§ **PROVIDED DATA**:
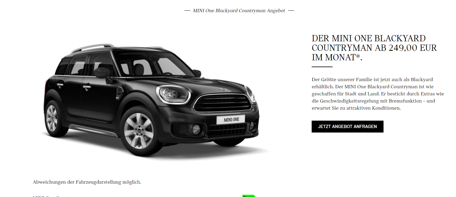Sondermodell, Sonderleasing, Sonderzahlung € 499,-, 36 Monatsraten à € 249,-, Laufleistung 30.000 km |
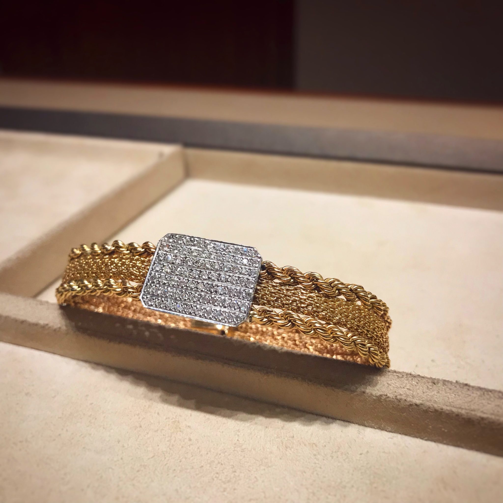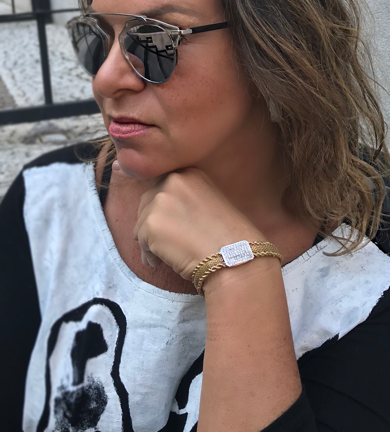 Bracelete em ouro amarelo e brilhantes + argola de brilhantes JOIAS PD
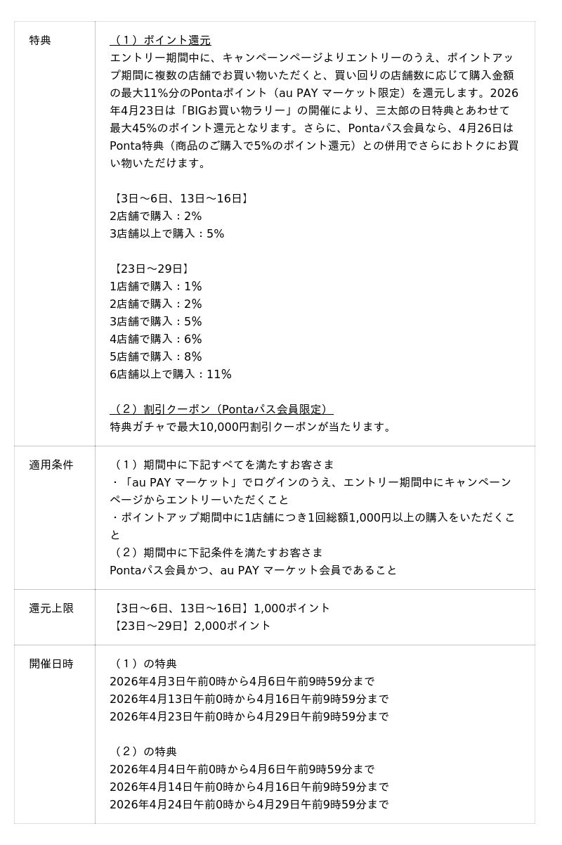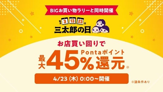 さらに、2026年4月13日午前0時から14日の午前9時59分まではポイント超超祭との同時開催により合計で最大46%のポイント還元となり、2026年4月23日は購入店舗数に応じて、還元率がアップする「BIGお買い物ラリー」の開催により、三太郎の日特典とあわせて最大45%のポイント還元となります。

* * *

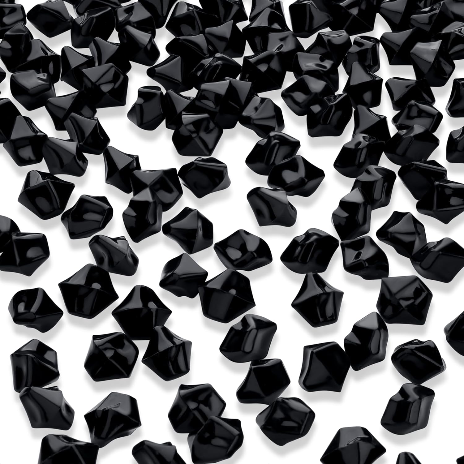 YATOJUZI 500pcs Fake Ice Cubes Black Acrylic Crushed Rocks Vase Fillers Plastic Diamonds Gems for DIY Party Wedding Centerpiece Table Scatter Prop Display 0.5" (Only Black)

§ **EXERCISE DIRECTIONS**: In the data above, find the line with "Sondermodell, Sonderleasing, Sonderzahlung" and the line with "さらに、2026年4月13日". Please copy exactly those two lines and every line between them, but not the pictures.

§ **ANSWER SPACE**:
Sondermodell, Sonderleasing, Sonderzahlung € 499,-, 36 Monatsraten à € 249,-, Laufleistung 30.000 km |
 Bracelete em ouro amarelo e brilhantes + argola de brilhantes JOIAS PD
 さらに、2026年4月13日午前0時から14日の午前9時59分まではポイント超超祭との同時開催により合計で最大46%のポイント還元となり、2026年4月23日は購入店舗数に応じて、還元率がアップする「BIGお買い物ラリー」の開催により、三太郎の日特典とあわせて最大45%のポイント還元となります。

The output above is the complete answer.